I told her where I was going, and asked if I could use Chico.
‘Help yourself,’ she said resignedly. ‘If you can get a word in edgeways. He’s along in Accounts arguing with Jones-boy.’
Chico, however, listened attentively and repeated what I had asked him. ‘I’m to find out exactly what mistakes the Clerk of the Course at Dunstable made, and make sure that they and nothing else were the cause of the course losing money.’
‘That’s right. And dig out the file on Andrews and the case you were working on when I got shot.’
‘But that’s all dead,’ he protested, ‘the file’s down in records in the basement.’
‘Send Jones-boy down for it,’ I suggested, grinning. ‘It’s probably only a coincidence, but there is something I want to check. I’ll do it tomorrow morning. O.K.?’
‘If you say so, chum.’
Back at my flat, I filled up with Extra and made all speed round to Beauchamp Place. Lord Hagbourne, with a civil but cool good morning, lowered himself into the passenger seat, and we set off for Seabury. It took him about a quarter of an hour to get over having been manoeuvred into something he didn’t want to do, but at the end of that time he sighed and moved in his seat, and offered me a cigarette.
‘No, thank you, sir. I don’t smoke.’
‘You don’t mind if I do?’ He took one out.
‘Of course not.’
‘This is a nice car,’ he remarked, looking round.
‘It’s nearly three years old now. I bought it the last season I was riding. It’s the best I’ve ever had, I think.’
‘I must say,’ he said inoffensively, ‘that you manage extremely well. I wouldn’t have thought that you could drive a car like this with only one effective hand.’
‘Its power makes it easier, actually. I took it across Europe last Spring… good roads, there.’

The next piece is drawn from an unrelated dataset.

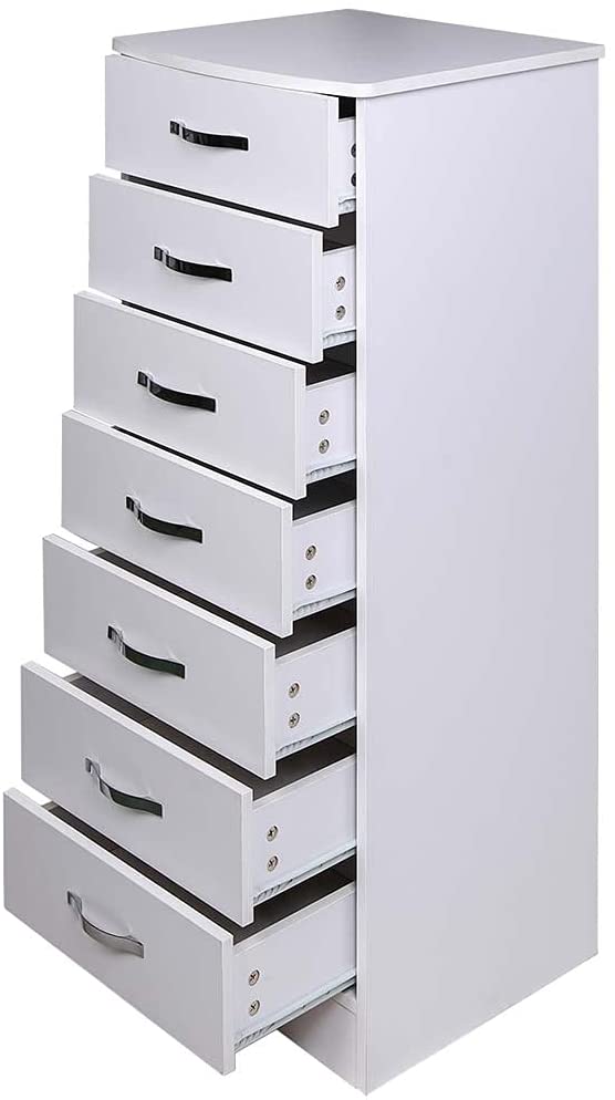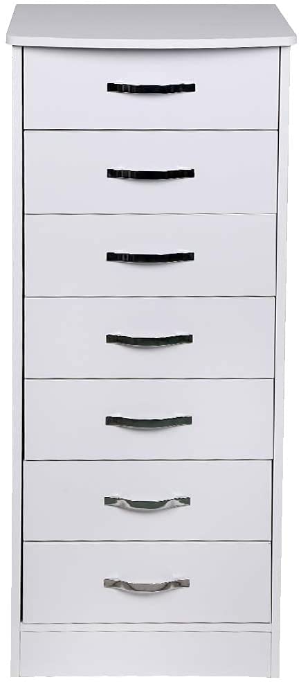 Mobile Cassettiera Mobiletto 7 Cassetti Settimino in Legno MDF Pomelli in Metallo Design Moderno

We talked on about cars and holidays, then about theatres and books, and he seemed for once quite human. The subject of Seabury we carefully by-passed. I wanted to get him down there in a good mood; the arguments, if any, could take place on the way back; and it seemed as if he was of the same mind.
The state of Seabury’s track reduced him to silent gloom. We walked down to the burnt piece with Captain Oxon, who was bearing himself stiffly and being pointedly polite. I thought he was a fool: he should have fallen on the Senior Steward and begged for instant help.